Geastrum melanocephalum produces medium to large basidiomata (fruiting bodies) that undergo dramatic morphological changes as they mature. When young, the fruiting bodies are epigeous (growing above ground), rounded, and often onion-shaped, measuring up to 12 cm in diameter. They typically feature a smooth, cracked, or scaly outer surface that is not encrusted with debris, and may have an umbo (raised knob) at the apex. A distinct characteristic is that the surface turns violet when damaged in fresh specimens.

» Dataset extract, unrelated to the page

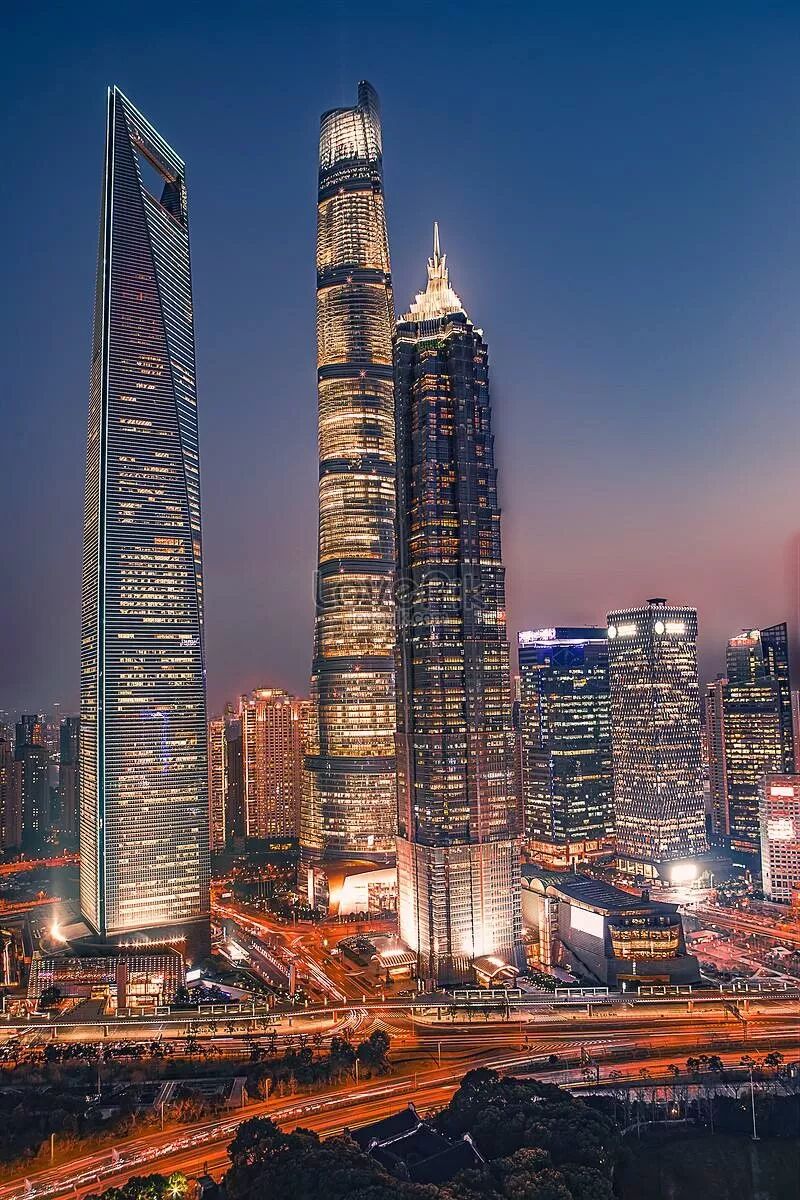下图角度看几个建筑的形状都非常清晰,金茂大厦和环球金融中心的形状都不是规整的板式建筑,而是复杂角度和修形后的形状,这对延缓涡流避免过大的晃动是有积极意义的!

As the fungus matures, the exoperidium (outer wall) splits into 4–8 rays (occasionally up to 13) that arch outward, often forming a characteristic "collar" similar to that seen in Geastrum triplex. The most distinctive feature of G. melanocephalum is its evanescent (quickly disappearing) endoperidium (inner spore sac), which bursts open during development. This results in the complete exposure of the naked gleba (spore mass) and reveals a prominent, stout columella (central column) with a short stalk beneath it.

The basidiospores are dark brown, globose to subglobose (nearly spherical), densely to coarsely verrucose (warty), and measure approximately 4–5.5 μm in diameter. The surface ornamentation consists of verrucae (warts) up to 1 μm high with flat or somewhat rounded tips.

==Habitat and distribution==

Geastrum melanocephalum is primarily a Eurasian species with a distribution spanning across Europe and extending into Central and Eastern Asia. The fungus demonstrates specific habitat preferences, typically growing in well-drained, calcareous, sandy, and alkaline environments within dry to humid temperate zones. Collection sites have been documented across much of Europe, including Belgium, Czechoslovakia (now Czech Republic and Slovakia), Denmark, Germany, Hungary, Poland, Serbia, Spain, Sweden, and Ukraine (where it was first described). In Asia, specimens have been recorded from Kazakhstan and the desert regions of Western China.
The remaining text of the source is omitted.